* **TASK GOAL**
Reproduce the whole listing exactly and let no picture into the copy.

* **SUPPLIED INFORMATION**
::::

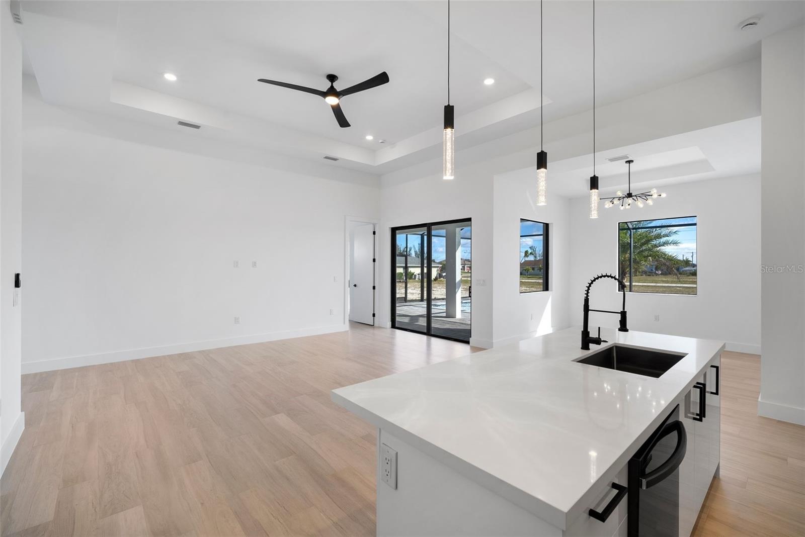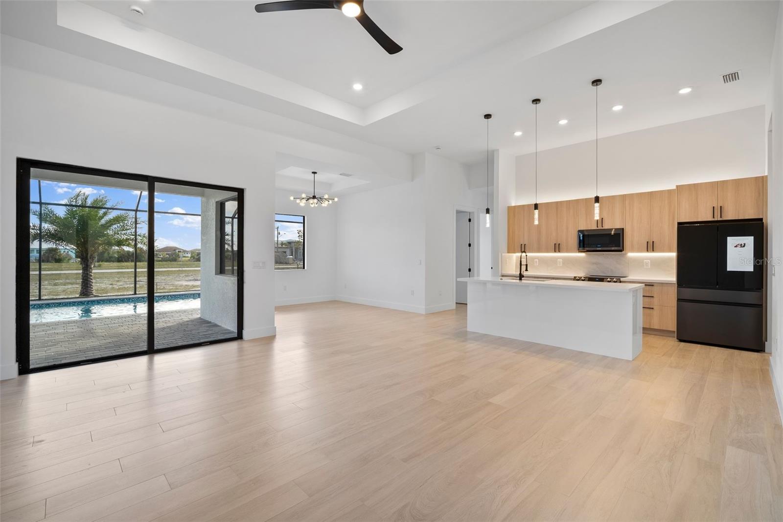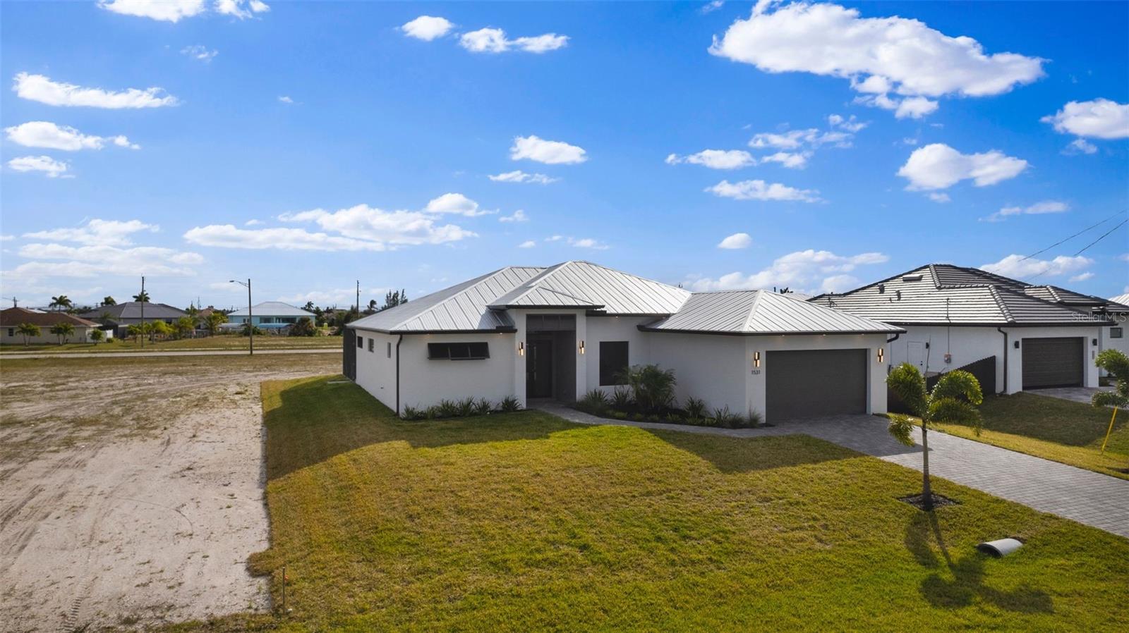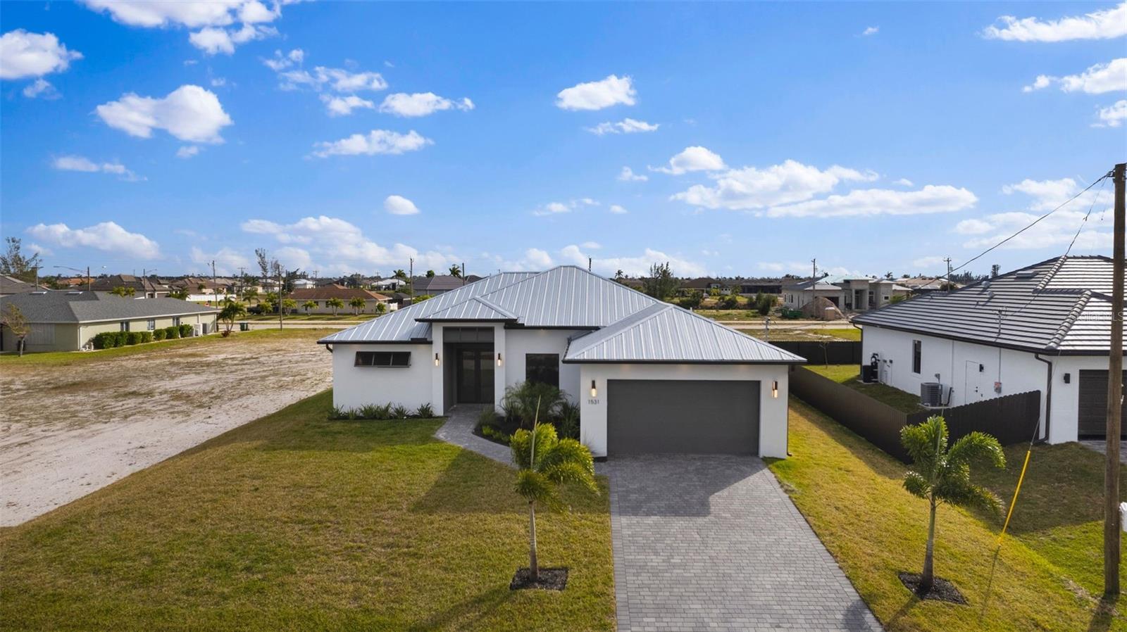 High quality and stylish new home, 4 Bedrooms: 3 Bathrooms with Garage-covered spaces for 2 cars. This stunning residence offers a harmonious blend of luxury, comfort, and Florida living, with an abundance of natural light and elegant details. This home is fully equipped with Smart home technology and boasts unique upgrades, appliances with a TV screen refrigerator, reverse osmosis system throughout the house, metal roof, hurricane impact windows, spacious walk-in closets, huge screened patio, outdoor shower, summer kitchen, and a saltwater pool with fountain and ledge lounger.
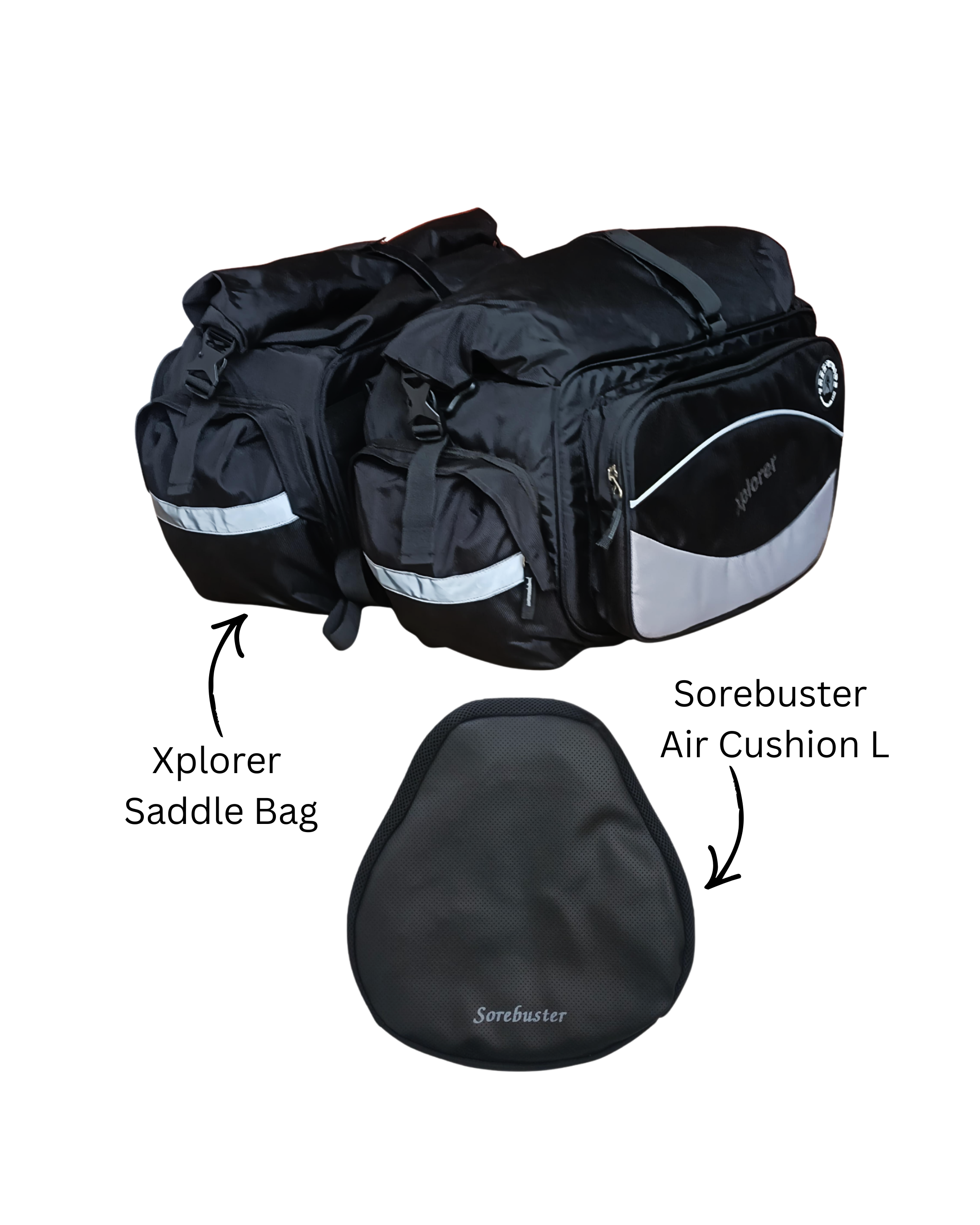The Xplorer saddle bag provides compact and secure storage for your luggage while you ride. Paired with it, the Sorebuster air cushion adds extra comfort by reducing pressure and absorbing shocks, making long rides smoother and more enjoyable.
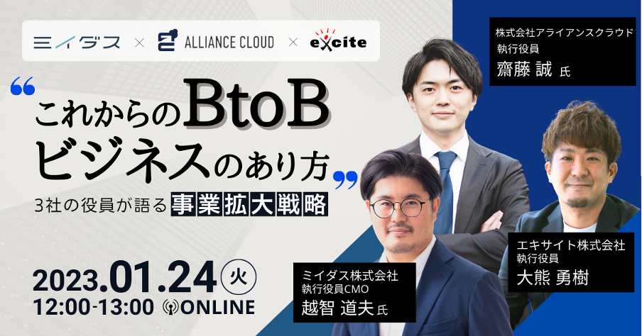 今回はこれからのBtoBビジネスの在り方をテーマに、アセスメントリクルーティングプラットフォームの「ミイダス」を運営するミイダス株式会社よりCMOの越智様を、決裁者マッチングプラットホーム「アポレル」を運用する株式会社アライアンスクラウドより執行役員の齋藤様をお呼びし、各社の事業拡大のための経営戦略についてお話しいただきます。
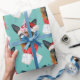 German Shepherd Light Turquoise Christmas Watercolor Chig Breeds présente une belle aquarelle d'un berger allemand avec un Casquette Père Noël rouge et un foulard de Noël rouge, et un arrière - plan turquoise clair avec des étoiles colorées aquarelle.

::::

* **TASK ANSWER**
 High quality and stylish new home, 4 Bedrooms: 3 Bathrooms with Garage-covered spaces for 2 cars. This stunning residence offers a harmonious blend of luxury, comfort, and Florida living, with an abundance of natural light and elegant details. This home is fully equipped with Smart home technology and boasts unique upgrades, appliances with a TV screen refrigerator, reverse osmosis system throughout the house, metal roof, hurricane impact windows, spacious walk-in closets, huge screened patio, outdoor shower, summer kitchen, and a saltwater pool with fountain and ledge lounger.
The Xplorer saddle bag provides compact and secure storage for your luggage while you ride. Paired with it, the Sorebuster air cushion adds extra comfort by reducing pressure and absorbing shocks, making long rides smoother and more enjoyable.
 今回はこれからのBtoBビジネスの在り方をテーマに、アセスメントリクルーティングプラットフォームの「ミイダス」を運営するミイダス株式会社よりCMOの越智様を、決裁者マッチングプラットホーム「アポレル」を運用する株式会社アライアンスクラウドより執行役員の齋藤様をお呼びし、各社の事業拡大のための経営戦略についてお話しいただきます。
 German Shepherd Light Turquoise Christmas Watercolor Chig Breeds présente une belle aquarelle d'un berger allemand avec un Casquette Père Noël rouge et un foulard de Noël rouge, et un arrière - plan turquoise clair avec des étoiles colorées aquarelle.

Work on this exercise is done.